Seulement voilà, dans le rapport psychanalytique, certaines choses se déroulent parfois autrement que ce que les présupposés de la psychologie de la conscience peuvent nous faire attendre. L’expérience ne plaide pas en faveur du caractère avantageux d’une telle technique affective. Il n’est pas difficile non plus de voir que l’on quitte avec elle le terrain psychanalytique et que l’on se rapproche des traitements par suggestion. On obtient, par exemple, que le patient communique plus tôt et plus facilement ce qu’il connaît lui-même et ce qu’il aurait encore gardé un moment pour lui en raison de résistances conventionnelles. Cette technique n’apporte rien au dévoilement, elle ne fait que le rendre encore plus incapable de surmonter des résistances plus profondes, et, dans les cas plus sérieux, elle échoue régulièrement sur l’insatiabilité avivée du malade, qui aimerait alors renverser la relation et trouve l’analyse du médecin plus intéressante que la sienne propre. La résolution du transfert, l’une des missions principales de la cure, est, elle aussi, compliquée par l’attitude intime du médecin, si bien que l’éventuel gain initial est au bout du compte plus que compensé. Je n’hésite donc pas à juger que ce type de technique est erroné et à le rejeter.

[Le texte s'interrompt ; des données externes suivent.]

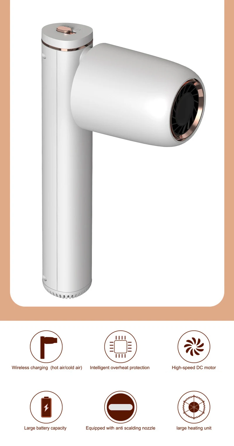 Powerful Wind Cordless Hair Dryer 400W Portable Lightweight Hair Blow Dryer Hot & Cold Charging Base Concentrator for Travel

Le médecin doit être opaque pour l’analysé et, comme la surface d’un miroir, ne rien montrer d’autre que ce qui lui est présenté. Il n’y a du reste rien de concret à redire au fait qu’un psychothérapeute mélange un morceau

d’analyse avec une portion de travail d’influence par suggestion pour obtenir des succès visibles dans un délai plus bref, ce qui est par exemple nécessaire dans les institutions de soins, mais on peut exiger que lui-même ait les idées claires sur ce qu’il entreprend et qu’il sache que sa méthode n’est pas la psychanalyse à proprement parler.

(h) Une autre tentation découle de l’activité éducative qui revient au médecin, sans qu’il en ait particulièrement l’intention, lors du traitement psychanalytique. Lors de la résolution des inhibitions de développement, il se fait tout naturellement que le médecin se retrouve en situation d’attribuer de nouveaux buts aux courants devenus libres. Il ne déploie alors qu’une ambition compréhensible lorsqu’il s’efforce de faire quelque chose de particulièrement insigne de la personne pour laquelle il s’est donné tant de mal afin d’obtenir qu’elle se libère de sa névrose, et prescrit à ses souhaits des objectifs élevés. Mais, ici aussi, le médecin devrait se contenir et prendre comme fil directeur moins ses propres souhaits que l’adéquation de l’analysé avec le fil en question. Tous les névrosés n’ont pas un grand talent pour la sublimation ; pour beaucoup d’entre eux, on peut supposer qu’ils ne seraient pas tombés malades du tout s’ils avaient maîtrisé l’art de sublimer leurs pulsions. Qu’on les pousse outre mesure à la sublimation, qu’on leur ôte les satisfactions de pulsions les plus immédiates et les plus commodes, et on leur rendra le plus souvent la vie encore plus difficile qu’ils ne la ressentent de toute façon. En tant que médecin, on doit avant tout être tolérant à l’égard de la faiblesse du malade, on doit se contenter d’avoir regagné, y compris pour une personne qui n’est pas tout à fait à la hauteur, une fraction de sa capacité de prestation et de jouissance. L’ambition éducative est tout aussi peu efficace que l’ambition thérapeutique. Il faut en outre tenir compte du fait que la pathologie de beaucoup de personnes tient précisément à ce qu’elles subliment leurs pulsions au-delà de ce qu’autorise leur organisation, et que chez ceux qui ont cette capacité de sublimation, ce processus s’accomplit généralement de lui-même dès que leurs inhibitions sont surmontées par l’analyse. Je pense donc que l’effort visant à utiliser régulièrement le traitement analytique pour sublimer les pulsions est certes louable, mais nullement recommandable dans tous les cas.